Re: Slow cross-core joins

Posted by Gopal Patwa <go...@gmail.com>.

You could give a try for this join contrib patch

https://issues.apache.org/jira/browse/SOLR-4787



On Mon, Mar 2, 2015 at 12:04 PM, Matt B <ma...@runbox.com> wrote:

> I've recently inherited a Solr instance that is required to perform
> numerous joins between two cores, usually as filter queries, similar to the
> one below:
>
> q=firstName=Matt&fq=-({!to=emailAddress toIndex=accounts type=join
> fromIndex=lists from=listValue}list_id:000038f2-351b-11e4-9579-001e67654bce
> OR {!to=emailDomain toIndex=accounts type=join fromIndex=lists
> from=listValue}list_id:000038f2-351b-11e4-9579-001e67654bce OR
> {!to=emailDomainReversed toIndex=accounts type=join fromIndex=lists
> from=listValue}list_id:000038f2-351b-11e4-9579-001e67654bce)
>
> The accounts core is about 35GB with ~40,000,000 documents and the lists
> core is about 9 GB with 90,0000,000 documents.  There may be anywhere from
> one to one million documents in the lists core matching any particular
> list_id.  The idea is to filter a search query on the accounts core to
> include or exclude any documents with an email address, email domain, or
> reverse email domain that is found within the lists core for a particular
> list id.  The lists core is frequently updated on a daily basis with both
> additions and deletions.
>
> Not surprisingly, such queries are very slow, usually taking minutes to
> return any results.
>
> Are there any possible strategies to significantly increase the
> performance of such queries?  The JVM max heap size is set to 16 GB and the
> server has 64 GB RAM.

Re: Slow cross-core joins

Posted by Mikhail Khludnev <mk...@griddynamics.com>.
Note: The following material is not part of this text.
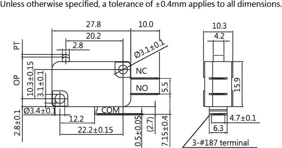 SPECIFICATIONS Operating frequency(mechanical): 120 Operation / mim Operating frequency(electrical): 10~30 Operation / mim Contact resistance: 100m Ω(max) Insulation resistance(at 500 VDC) 100M Ω(Min) Service life(mechanical) Min.10,000,000 Operations Service life(electrical) 5A-Min.10,000 Operations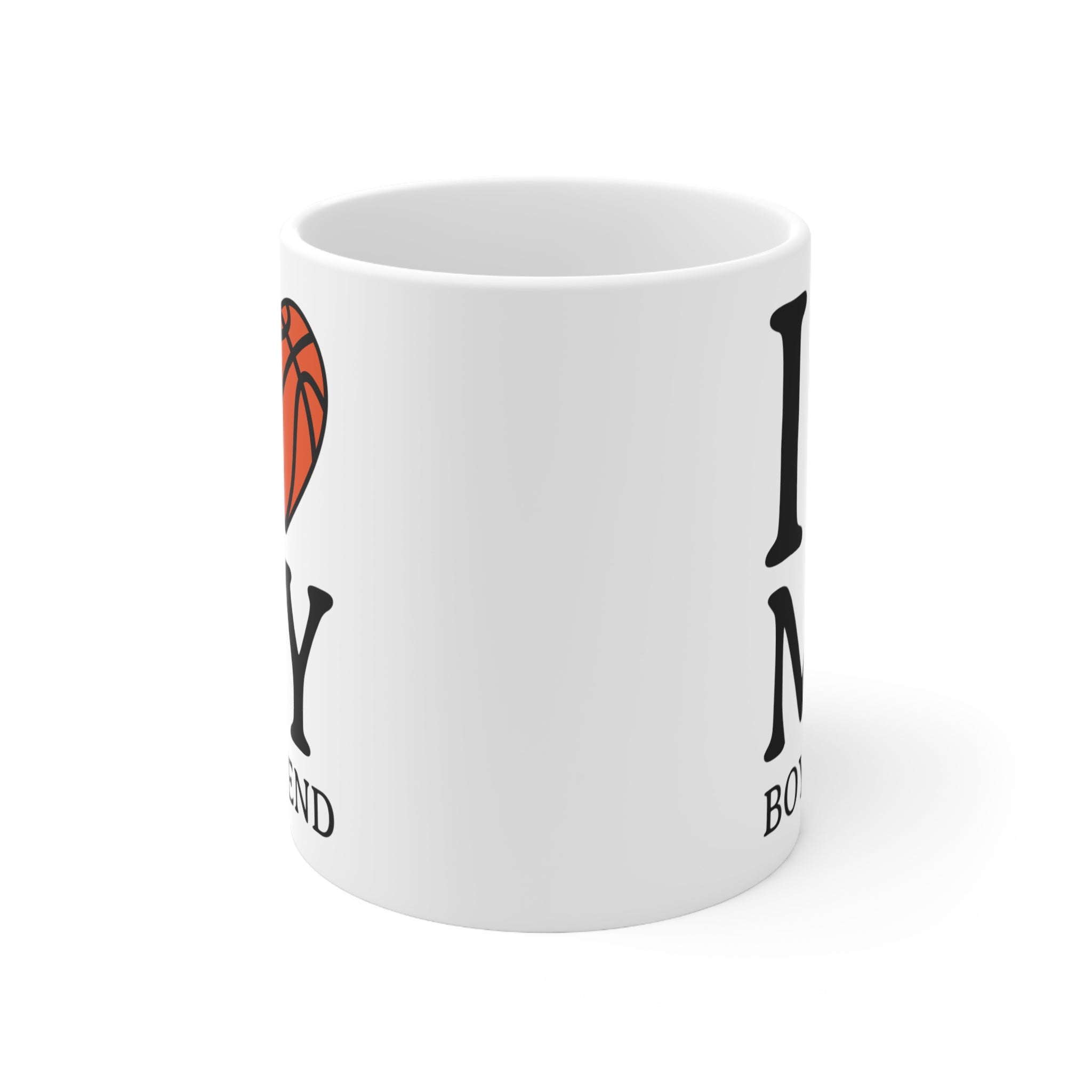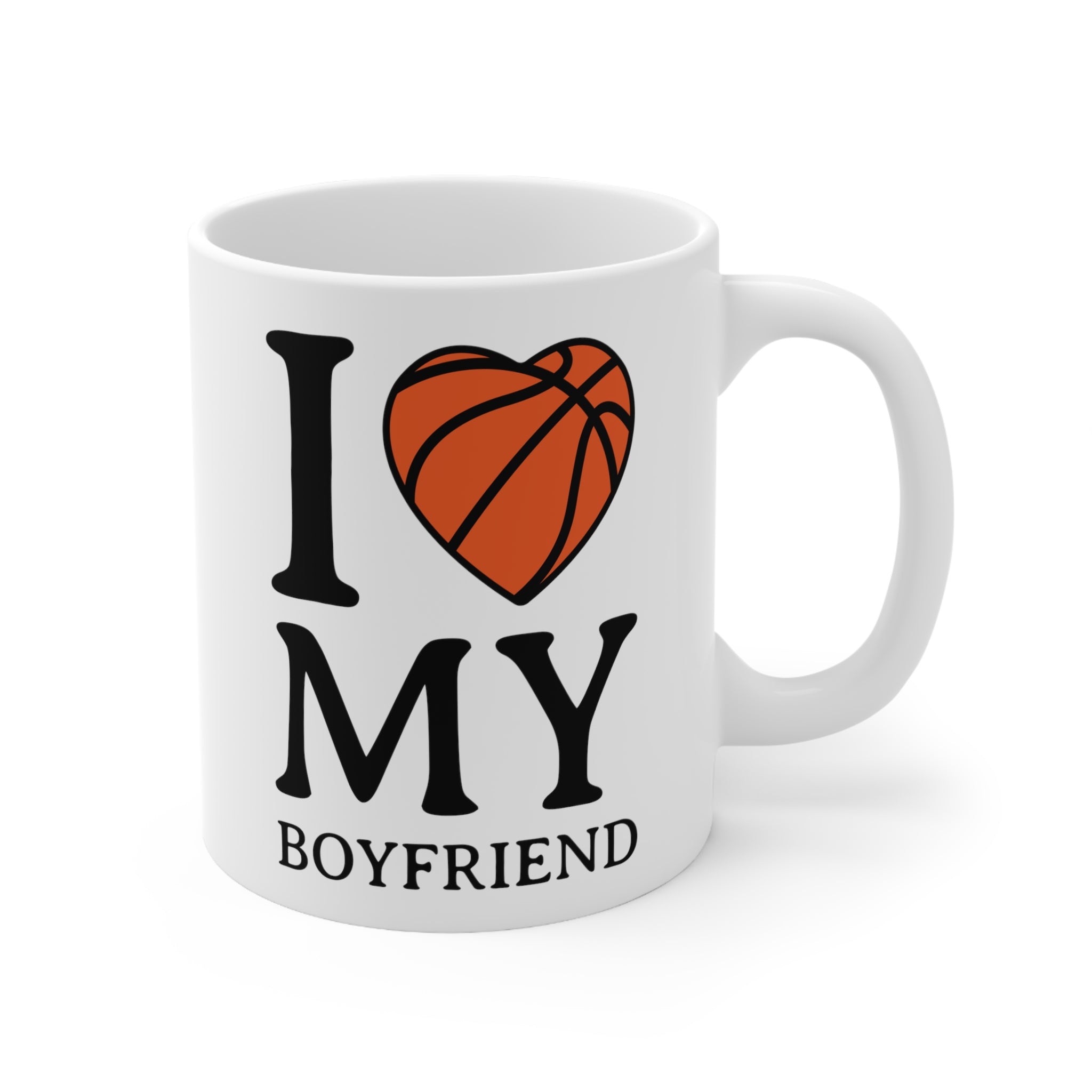The mug features a playful, sports – themed design that is sure to delight basketball enthusiasts and romantic partners alike. The base color of the mug body is a clean, white shade that serves as a perfect backdrop for the bold, decorative elements. The black, bold text “I”, “MY”, and “BOYFRIEND” stands out prominently, with “I” and “MY” in larger fonts. An orange basketball – shaped heart, complete with black lines mimicking a basketball’s texture, replaces the traditional “love” heart symbol.

On Mon, Mar 2, 2015 at 11:04 PM, Matt B <ma...@runbox.com> wrote:

> There may be anywhere from one to one million documents in the lists core
> matching any particular list_id.

Matt,

What about reverse cardinality of this relation? ie for particular
listValue term, how many list_ids are associated? it's can be found in
facets on lists core
q=list_id:000038f2-351b-11e4-9579-001e67654bce&facet=true&facet.field=listValue

-- 
Sincerely yours
Mikhail Khludnev
Principal Engineer,
Grid Dynamics

<http://www.griddynamics.com>
<mk...@griddynamics.com>